В ту минуту, когда маршал удовлетворенно потирал руки, в гостиную вошел д’Эгильон.
Племянник поклонился дядюшке с выражением соболезнования; этого оказалось довольно, чтобы Ришелье понял если не все, то почти все.
Он побледнел так, словно получил смертельную рану: он вспомнил, что при дворе не бывает ни друзей, ни родственников, каждый печется только о себе.
«Какой же я был дурак!» — подумал он.
— Ну что, д’Эгильон? — произнес он, подавив тяжелый вздох.
— Ну что, господин маршал?
— Это тяжелый удар для парламентов, — повторил Ришелье слова Жана.
Д’Эгильон покраснел.
— Вы уже знаете? — спросил он.
— Господин виконт обо всем мне рассказал, — отвечал Ришелье, — даже о вашем визите в Люсьенн сегодня на рассвете.
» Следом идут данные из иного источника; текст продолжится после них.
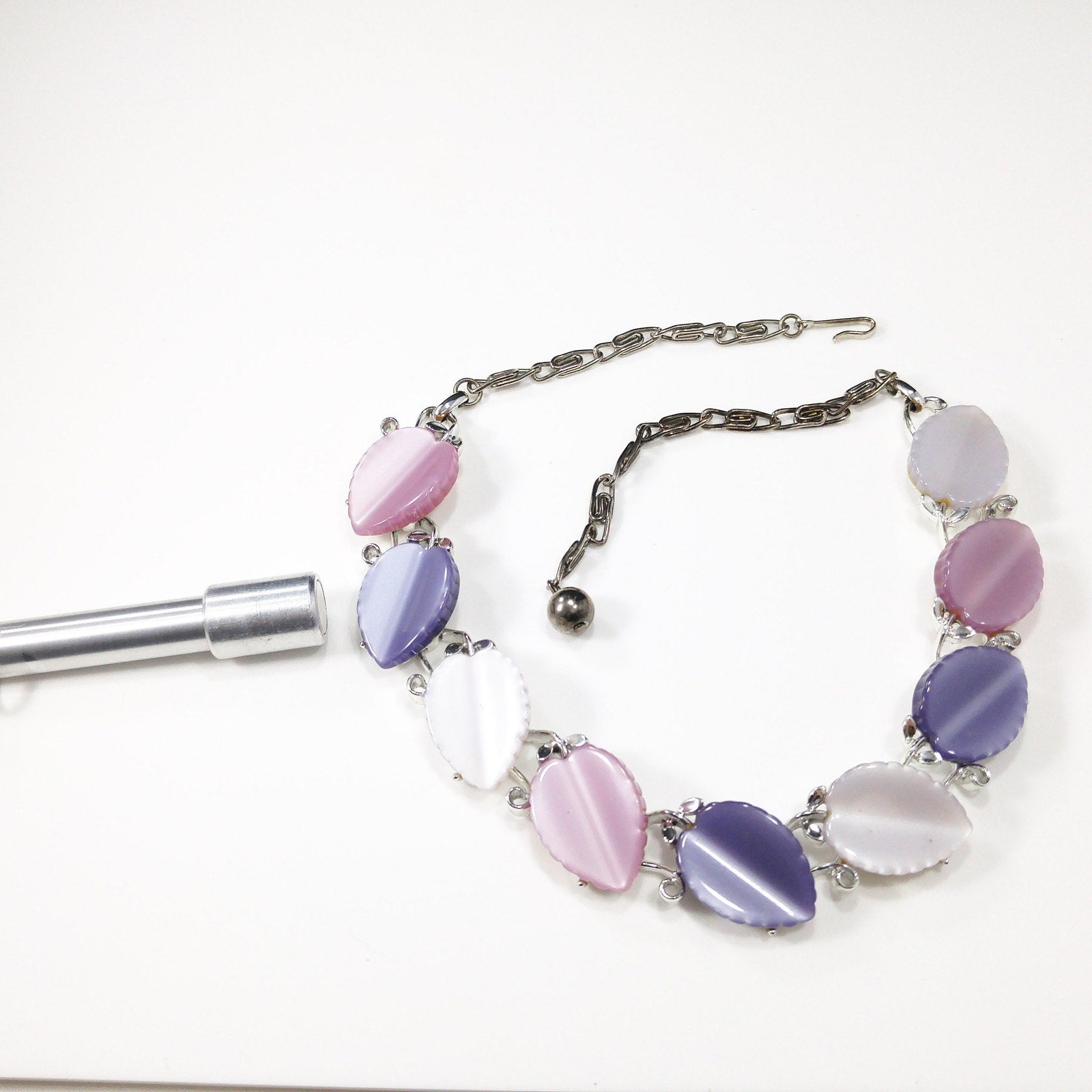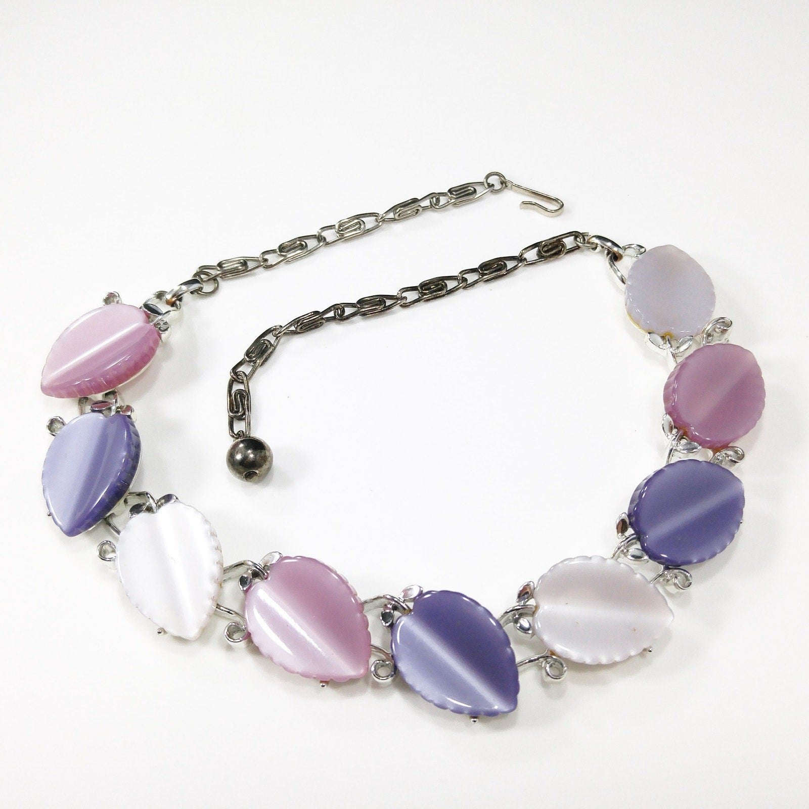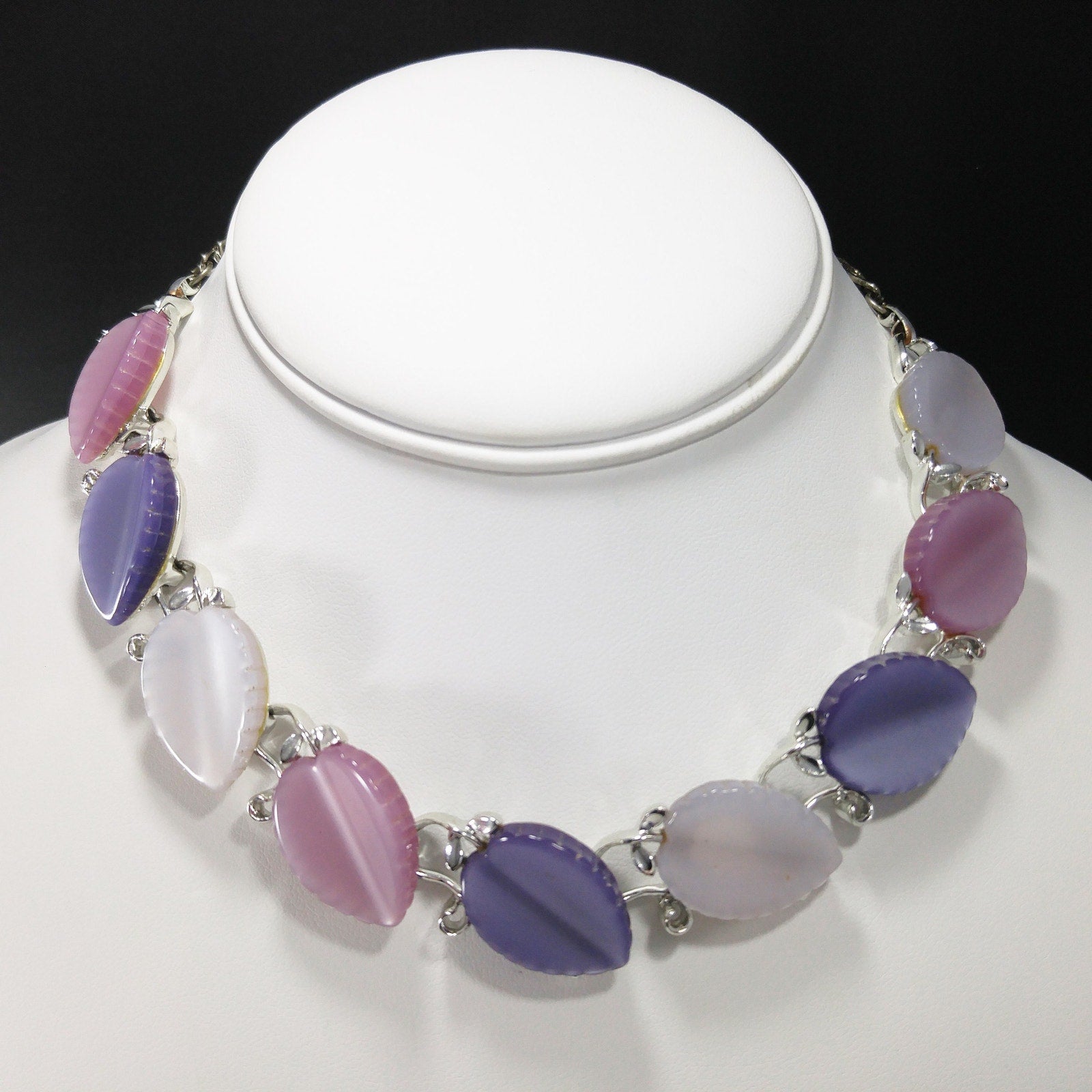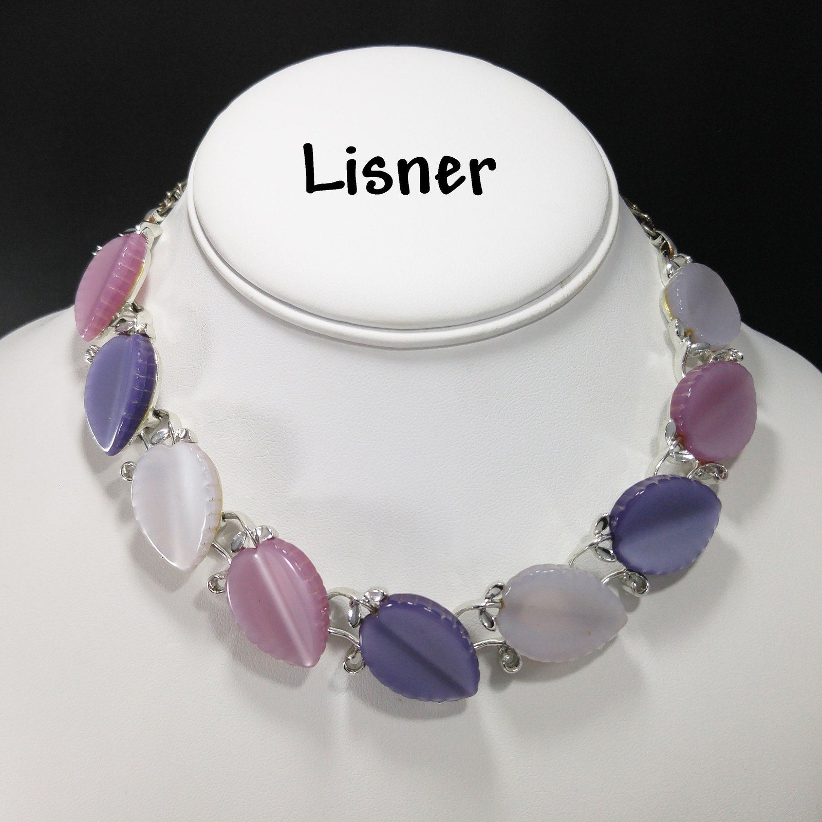 *Description: This is a beautiful Lisner necklace with Lucite leaves in lavender, pink, and white. The Lucite leaves are sitting on a rhodium plated base link. The silver tone necklace has three leaves of each color. The hook on the chain is signed Lisner. The color combination of pink, lavender, and white are beautiful and would make a great vintage gift or a wonderful addition to your vintage necklace collection.

Ваше назначение — большой успех для моей семьи.
— Поверьте, господин маршал, я очень сожалею, что так вышло.
— Что за чушь он несет? — с удивлением сказал Жан, скрестив на груди руки.
— Мы друг друга понимаем, — перебил его Ришелье, — мы прекрасно друг друга понимаем.
— Ну и отлично. А вот я совсем вас не понимаю… Какие-то сожаления… А, ну да!.. Это потому, что он не сразу будет назначен министром. Да, да… очень хорошо.
— Так его назначение отсрочено? — спросил маршал, почувствовав, как в его сердце зашевелилась надежда — вечный спутник честолюбца и влюбленного.
— Да, отсрочено, господин маршал.
— А пока ему и так неплохо заплатили… — вскричал Жан. — Наилучшее командование в Версале!
— Да? — уронил Ришелье, снова почувствовав боль. — Он получил командование?
— Господин Дюбарри, возможно, несколько преувеличивает, — отвечал герцог д’Эгильон.
— Но, в конце концов, командование чем?
— Королевскими шеволежерами.
Ришелье почувствовал, как бледность вновь залила его морщинистые щеки.
— О да! — проговорил он с непередаваемой улыбкой. — Это и правда безделица для такого очаровательного кавалера. Что вы хотите, герцог! Самая красивая девушка на свете может дать только то, что у нее есть, даже если она любовница короля.
Наступил черед д’Эгильона побледнеть.
Жан в это время рассматривал прекрасные полотна кисти Мурильо.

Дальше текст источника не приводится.